Task to complete - Please repeat the whole listing exactly, but leave out any picture it holds.

Given material -
-.-.-

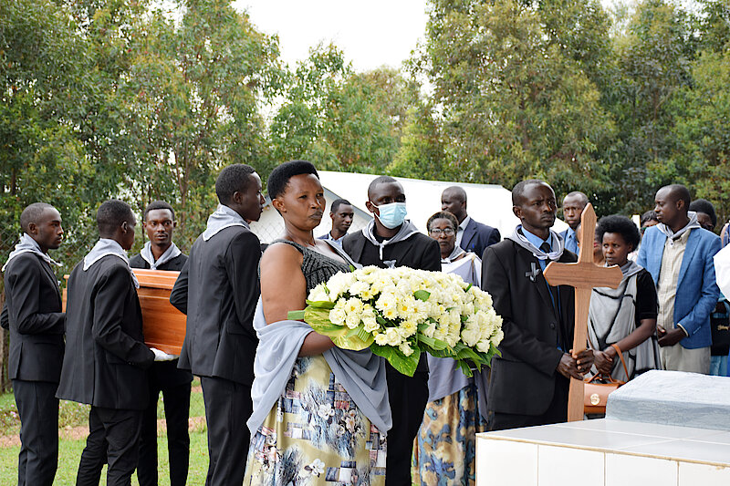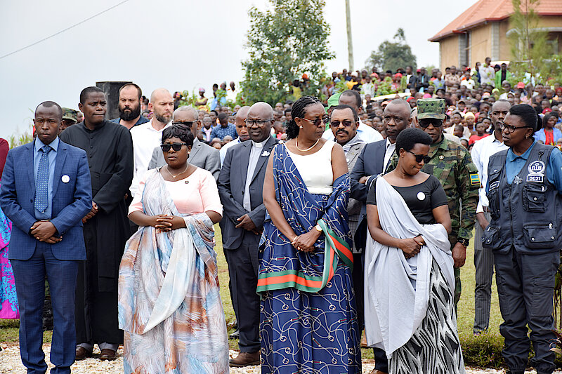 Harelimana Jean Claude wavuze mu izina ry'imiryango ifite ababo bashyinguwe mu cyubahiro uyu munsi, yongeye gusaba yinginga umuntu wese uzi ahantu hakiri umubiri w'umuntu wazize Jenoside yakorewe Abatutsi utarashyingurwa, kuyatanga kugira ngo ushyingurwe mu cyubahiro.
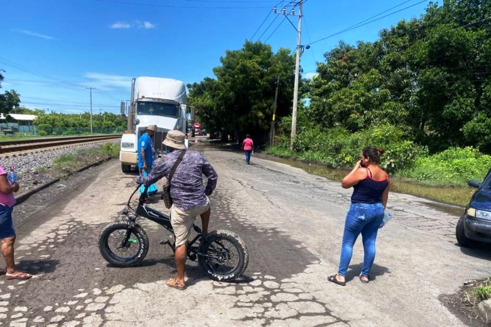 Desde las diez de la mañana de este lunes, alrededor de 20 vecinos a la colonia “La Estación” mantiene bloqueado el paso de transporte pesado que llega a las empresas USG y Termiun (almacén), ubicadas en la zona aledaña a la vía y a las casas.
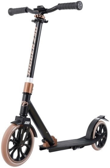 | Информация | Достаточно широкий изогнутый руль (birdtype) - 47,5 см, обеспечивает комфортное положение рук во время катания. Как и в других самокатах этой серии, модель получила новые удобные резиновые грипсы, в виде "намотки" с широкими барендами. Специальный зажим исключает люфт ручек и, соответственно, посторонних звуков при езде. В сложенном состоянии для ручек самоката предусмотрены специальные зажимы. Руль имеет три фиксированных положения по высоте - 95-100-105 см, но за счет зажима может достаточно надежно фиксироваться и в более низких точках - до 80,5 см. Специальная светоотражающая полоса на руле делает катающегося более заметным для водителей в условиях плохой видимости. Кроме того на нем предусмотрена возможность крепления ремешка для переноски.Надежная система складывания Easy Fold обеспечивает удобную перевозку и хранение самоката и его быстрое складывание/раскладывание, не содержит выступающих элементов. С помощью регулировочного винта есть возможность отрегулировать люфт системы складывания для максимально комфортного использования. Полиуретановые колеса - переднее 230х30 мм и заднее 200х30 мм позволят комфортно передвигаться в городских условиях. Хороший накат обеспечивают подшипники Abec 7.Дека длиной 57,5 см и шириной 15 см имеет футспейс 33 см, достаточный для размещения обеих ступней. Материал покрытия деки - износостойкая резина, обеспечивающая легкий уход за поверхностью. Торможение осуществляется алюминиевым тормозом-крылом, на котором дополнительно установлен пластиковый брызговик. Складывающаяся подножка позволит комфортно припарковать самокат на время отдыха. |

-.-.-

Answer below -
 Harelimana Jean Claude wavuze mu izina ry'imiryango ifite ababo bashyinguwe mu cyubahiro uyu munsi, yongeye gusaba yinginga umuntu wese uzi ahantu hakiri umubiri w'umuntu wazize Jenoside yakorewe Abatutsi utarashyingurwa, kuyatanga kugira ngo ushyingurwe mu cyubahiro.
 Desde las diez de la mañana de este lunes, alrededor de 20 vecinos a la colonia “La Estación” mantiene bloqueado el paso de transporte pesado que llega a las empresas USG y Termiun (almacén), ubicadas en la zona aledaña a la vía y a las casas.
 | Информация | Достаточно широкий изогнутый руль (birdtype) - 47,5 см, обеспечивает комфортное положение рук во время катания. Как и в других самокатах этой серии, модель получила новые удобные резиновые грипсы, в виде "намотки" с широкими барендами. Специальный зажим исключает люфт ручек и, соответственно, посторонних звуков при езде. В сложенном состоянии для ручек самоката предусмотрены специальные зажимы. Руль имеет три фиксированных положения по высоте - 95-100-105 см, но за счет зажима может достаточно надежно фиксироваться и в более низких точках - до 80,5 см. Специальная светоотражающая полоса на руле делает катающегося более заметным для водителей в условиях плохой видимости. Кроме того на нем предусмотрена возможность крепления ремешка для переноски.Надежная система складывания Easy Fold обеспечивает удобную перевозку и хранение самоката и его быстрое складывание/раскладывание, не содержит выступающих элементов. С помощью регулировочного винта есть возможность отрегулировать люфт системы складывания для максимально комфортного использования. Полиуретановые колеса - переднее 230х30 мм и заднее 200х30 мм позволят комфортно передвигаться в городских условиях. Хороший накат обеспечивают подшипники Abec 7.Дека длиной 57,5 см и шириной 15 см имеет футспейс 33 см, достаточный для размещения обеих ступней. Материал покрытия деки - износостойкая резина, обеспечивающая легкий уход за поверхностью. Торможение осуществляется алюминиевым тормозом-крылом, на котором дополнительно установлен пластиковый брызговик. Складывающаяся подножка позволит комфортно припарковать самокат на время отдыха. |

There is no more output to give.